ACTION ITEM: Beginning at the line that contains "This 92.5 Silver, 24", output each line exactly through the end of the records, and drop any pictures.

RECORDS FOR THE TASK:
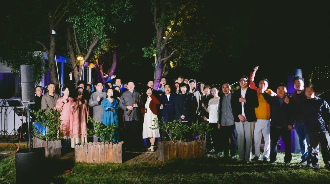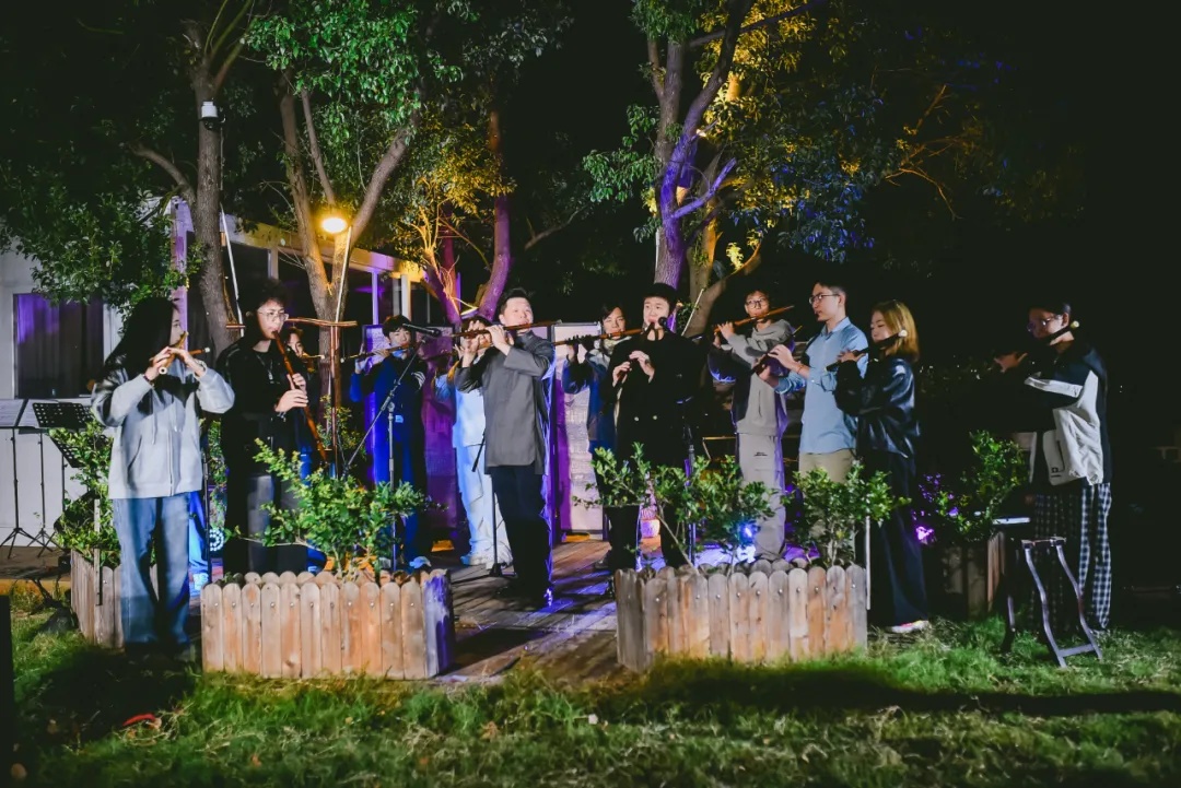 《灯月交辉》《平沙落雁》《傍妆台》等经典曲目尽显传统韵味,或融江南丝竹的温润,或绘秋江雁鸣的诗意;《胡笳》以箫筝和鸣复刻千年苍凉意境,《秋江夜泊》创新融合电子音乐,让传统与现代碰撞出别样火花;压轴曲《姑苏行》更是将氛围推向高潮,张健教授率先擫箫领奏,清亮箫声如太湖晨光穿透薄雾,众学员紧随其后笛箫和鸣,熟悉的旋律伴着稻田清香与太湖湖风在草坪上回荡,尽显师生传承温情。
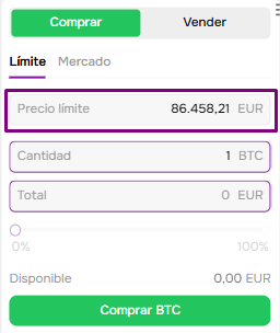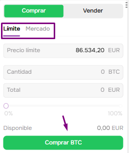 Límite (Limit Order) y Mercado (Market Order). La principal diferencia entre estos tipos de órdenes es que con una orden de mercado, no necesita establecer manualmente el precio de la orden, y la orden en sí se ejecutará instantáneamente al precio actual del activo. Para colocar una orden de mercado, debe seleccionar la moneda y la cantidad que desea comprar o vender y hacer clic en el botón Comprar (Vender si desea vender sus activos). La orden se ejecutará instantáneamente al precio de mercado. No es posible cancelar una Orden de Mercado.
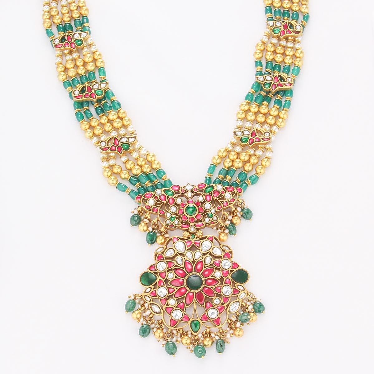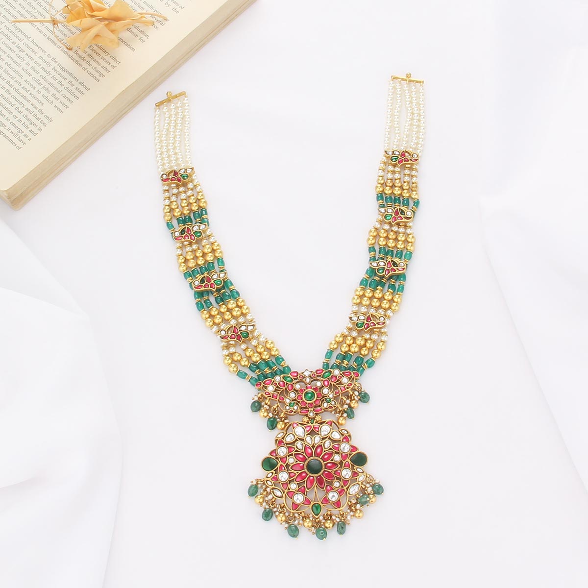 This 92.5 Silver, 24 kt Gold-Plated Necklace is adorned with Semi-precious Kundan Stones for a luxurious aesthetic.
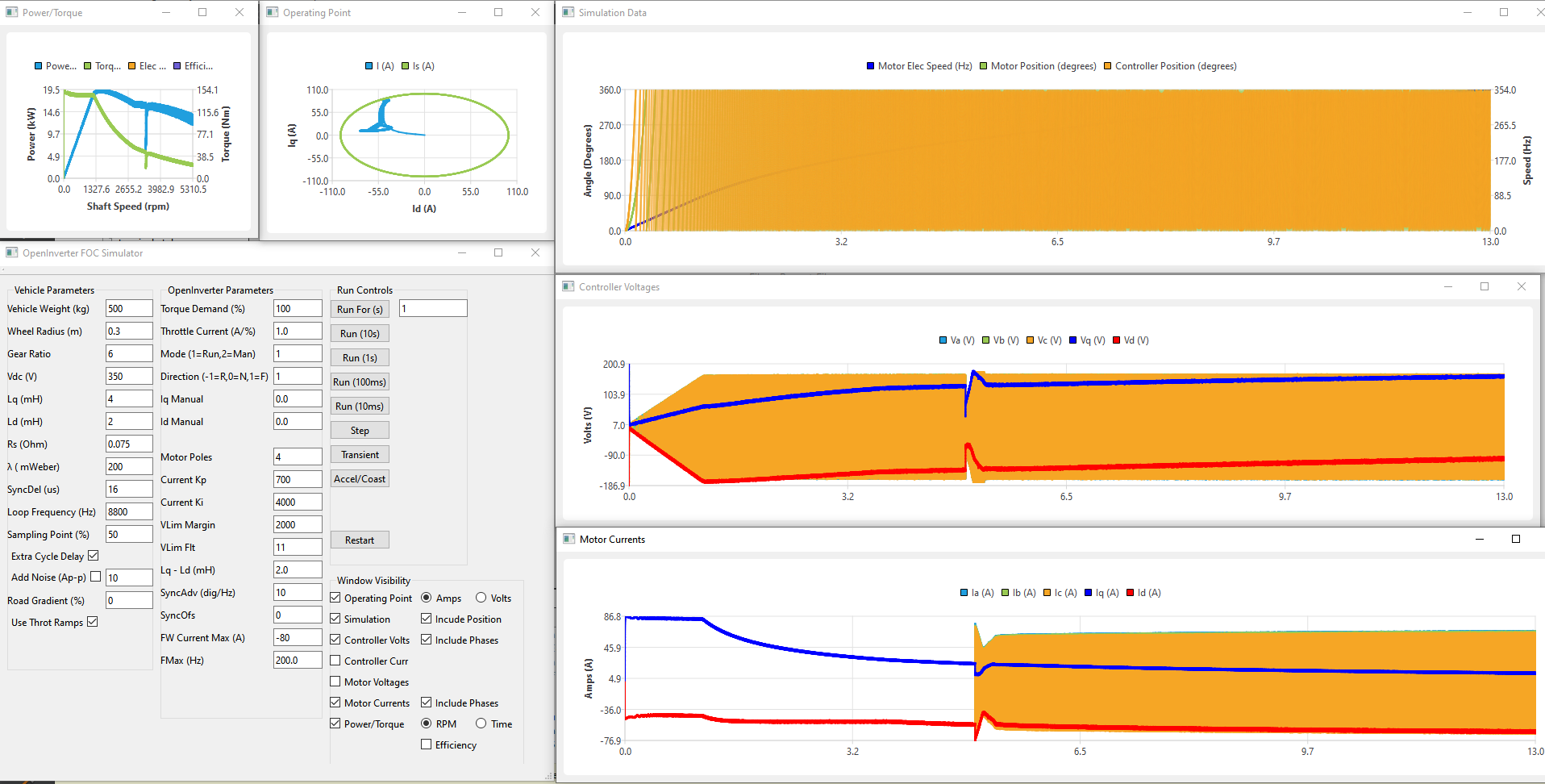 There are a couple of things that don't quite look right though. In particular the discontinuity you have at around 5sec and the sudden appearance of the phase currents in the Motor Currents graph at that point. The trajectory on the Operating Point graph also looks wrong.
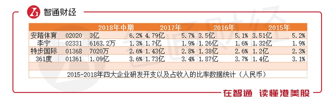 从2015-2018年中期,李宁的研发支出一直是国内四大体育用品企业中最低的。以2018年上半年为例,李宁的研发支出为6163.2万元,占当期收入的比率仅为1.3%,而安踏研发支出高至3亿元,就连特步、361的研发支出比率都高于李宁。
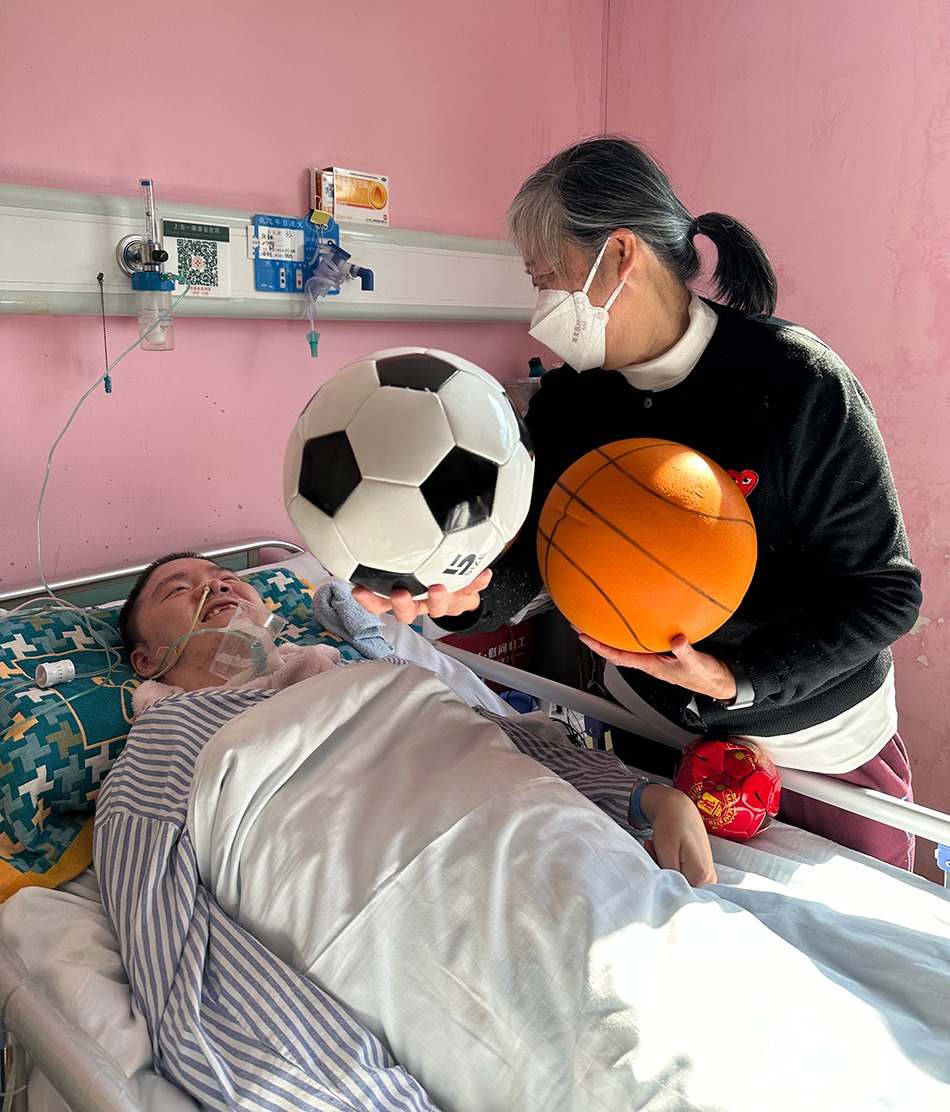 張昌碩恢復微小意識后,鄭建英從家里帶了兩顆昌碩最喜歡的足球到病床前,一大一小。每次,她舉起一顆足球放到他眼前,問他:“哪只是曼聯的?”昌碩的視線會左右移動,選擇正確的那一顆。

EXERCISE SOLUTION:
 This 92.5 Silver, 24 kt Gold-Plated Necklace is adorned with Semi-precious Kundan Stones for a luxurious aesthetic.
 There are a couple of things that don't quite look right though. In particular the discontinuity you have at around 5sec and the sudden appearance of the phase currents in the Motor Currents graph at that point. The trajectory on the Operating Point graph also looks wrong.
 从2015-2018年中期,李宁的研发支出一直是国内四大体育用品企业中最低的。以2018年上半年为例,李宁的研发支出为6163.2万元,占当期收入的比率仅为1.3%,而安踏研发支出高至3亿元,就连特步、361的研发支出比率都高于李宁。
 張昌碩恢復微小意識后,鄭建英從家里帶了兩顆昌碩最喜歡的足球到病床前,一大一小。每次,她舉起一顆足球放到他眼前,問他:“哪只是曼聯的?”昌碩的視線會左右移動,選擇正確的那一顆。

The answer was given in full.